A cataclysmic variable occurs when the two stars draw close, over billions of years, causing the white dwarf to start accreting or eating material away from its partner star. This process can give off enormous, variable flashes of light that, centuries ago, astronomers assumed to be a result of some unknown cataclysm.

The newly discovered system, which the team has tagged ZTF J1813+4251, is a cataclysmic variable with the shortest orbit detected to date. Unlike other such systems observed in the past, the astronomers caught this cataclysmic variable as the stars eclipsed each other multiple times, allowing the team to precisely measure the properties of each star.

With these measurements, the researchers ran simulations of what the system is likely doing today and how it should evolve over the next hundreds of millions of years. They conclude that the stars are currently in transition and that the sun-like star has been circling and “donating” much of its hydrogen atmosphere to the voracious white dwarf. The sun-like star will eventually be stripped down to a mostly dense, helium-rich core. In another 70 million years, the stars will migrate even closer together, with an ultrashort orbit reaching just 18 minutes, before they begin to expand and drift apart.

Decades ago, researchers at MIT and elsewhere predicted that such cataclysmic variables should transition to ultrashort orbits. This is the first time such a transitioning system has been observed directly.

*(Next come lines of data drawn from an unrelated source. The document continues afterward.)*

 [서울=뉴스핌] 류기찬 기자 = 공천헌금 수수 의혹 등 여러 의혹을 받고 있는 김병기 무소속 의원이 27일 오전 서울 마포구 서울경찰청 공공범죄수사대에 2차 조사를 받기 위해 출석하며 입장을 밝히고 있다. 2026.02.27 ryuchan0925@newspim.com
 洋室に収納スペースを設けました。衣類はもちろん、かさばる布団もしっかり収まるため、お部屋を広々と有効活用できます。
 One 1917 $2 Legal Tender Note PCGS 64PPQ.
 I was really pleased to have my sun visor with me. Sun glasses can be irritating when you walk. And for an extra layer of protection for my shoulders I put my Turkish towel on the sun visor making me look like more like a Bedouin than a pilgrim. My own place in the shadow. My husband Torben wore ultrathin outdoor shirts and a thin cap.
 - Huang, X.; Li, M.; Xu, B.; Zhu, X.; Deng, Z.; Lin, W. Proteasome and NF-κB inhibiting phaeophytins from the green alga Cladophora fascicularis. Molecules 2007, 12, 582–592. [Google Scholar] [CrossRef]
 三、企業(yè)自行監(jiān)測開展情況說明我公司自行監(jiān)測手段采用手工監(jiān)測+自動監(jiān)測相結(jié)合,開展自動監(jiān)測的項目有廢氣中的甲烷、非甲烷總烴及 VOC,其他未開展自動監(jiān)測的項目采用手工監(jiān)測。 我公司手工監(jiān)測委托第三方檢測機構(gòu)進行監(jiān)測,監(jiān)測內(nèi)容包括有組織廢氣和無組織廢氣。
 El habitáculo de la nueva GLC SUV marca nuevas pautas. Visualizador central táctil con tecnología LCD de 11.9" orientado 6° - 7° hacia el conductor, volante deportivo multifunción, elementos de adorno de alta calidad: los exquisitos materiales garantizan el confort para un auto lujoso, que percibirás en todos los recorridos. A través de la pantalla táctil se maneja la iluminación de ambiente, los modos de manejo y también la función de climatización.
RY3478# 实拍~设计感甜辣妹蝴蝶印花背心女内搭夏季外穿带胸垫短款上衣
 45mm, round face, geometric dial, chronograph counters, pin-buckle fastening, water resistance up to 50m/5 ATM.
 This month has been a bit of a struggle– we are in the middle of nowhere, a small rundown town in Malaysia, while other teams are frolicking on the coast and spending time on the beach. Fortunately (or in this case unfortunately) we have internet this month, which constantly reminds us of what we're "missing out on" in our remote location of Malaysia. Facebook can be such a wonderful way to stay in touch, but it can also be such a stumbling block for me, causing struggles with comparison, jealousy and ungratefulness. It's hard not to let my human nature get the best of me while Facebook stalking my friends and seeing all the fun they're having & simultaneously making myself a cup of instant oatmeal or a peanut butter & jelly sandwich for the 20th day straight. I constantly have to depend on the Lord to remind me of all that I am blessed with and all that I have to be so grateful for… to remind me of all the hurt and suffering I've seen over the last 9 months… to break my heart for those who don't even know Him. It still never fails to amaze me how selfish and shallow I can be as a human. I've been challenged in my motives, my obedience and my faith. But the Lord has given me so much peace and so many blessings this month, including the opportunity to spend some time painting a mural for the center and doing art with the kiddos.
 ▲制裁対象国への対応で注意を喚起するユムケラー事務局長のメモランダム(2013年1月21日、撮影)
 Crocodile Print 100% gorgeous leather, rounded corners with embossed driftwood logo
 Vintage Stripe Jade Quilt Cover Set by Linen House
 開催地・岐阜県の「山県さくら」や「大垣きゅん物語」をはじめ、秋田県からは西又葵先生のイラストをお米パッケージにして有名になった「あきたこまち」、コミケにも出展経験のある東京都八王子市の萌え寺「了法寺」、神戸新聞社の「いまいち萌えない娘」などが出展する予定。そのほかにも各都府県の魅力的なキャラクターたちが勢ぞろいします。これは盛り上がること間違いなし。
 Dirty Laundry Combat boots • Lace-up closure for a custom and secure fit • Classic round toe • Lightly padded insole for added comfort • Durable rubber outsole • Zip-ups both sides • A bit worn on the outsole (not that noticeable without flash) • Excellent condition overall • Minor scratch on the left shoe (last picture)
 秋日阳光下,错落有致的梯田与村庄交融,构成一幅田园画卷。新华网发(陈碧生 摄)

“This is a rare case where we caught one of these systems in the act of switching from hydrogen to helium accretion,” says Kevin Burdge, a Pappalardo Fellow in MIT’s Department of Physics. “People predicted these objects should transition to ultrashort orbits, and it was debated for a long time whether they could get short enough to emit detectable gravitational waves. This discovery puts that to rest.”?
Burdge and colleagues report their discovery today in Nature. The study’s co-authors include collaborators from multiple institutions, including the Harvard and Smithsonian Center for Astrophysics.

Sky search

The astronomers discovered the new system within a vast catalog of stars, observed by the Zwicky Transient Facility (ZTF), a survey that uses a camera attached to a telescope at the Palomar Observatory in California to take high-resolution pictures of wide swaths of the sky.
The Zwicky Transient Facility (ZTF) is a public-private partnership aimed at a systematic study of the optical night sky. Using an extremely wide-field-of-view camera, ZTF scans the entire Northern sky every two days. The resulting large-area survey helps enable the astronomical community to pursue a broad range of time-domain science ranging from near-Earth asteroids to the study of distant superluminous supernovae.

The survey has taken more than 1,000 images of each of the more than 1 billion stars in the sky, recording each star’s changing brightness over days, months, and years.

Burdge combed through the catalog, looking for signals of systems with ultrashort orbits, the dynamics of which can be so extreme that they should give off dramatic bursts of light and emit gravitational waves.
“Gravitational waves are allowing us to study the universe in a totally new way,” says Burdge, who is searching the sky for new gravitational-wave sources.

For this new study, Burdge looked through the ZTF data for stars that appeared to flash repeatedly, with a period of less than an hour — a frequency that typically signals a system of at least two closely orbiting objects, with one crossing the other and briefly blocking its light.

He used an algorithm to weed through over 1 billion stars, each of which was recorded in more than 1,000 images. The algorithm sifted out about 1 million stars that appeared to flash every hour or so. Among these, Burdge then looked by eye for signals of particular interest. His search zeroed in on ZTF J1813+4251 — a system that resides about 3,000 light years from Earth, in the Hercules constellation.

“This thing popped up, where I saw an eclipse happening every 51 minutes, and I said, OK, this is definitely a binary,” Burdge recalls.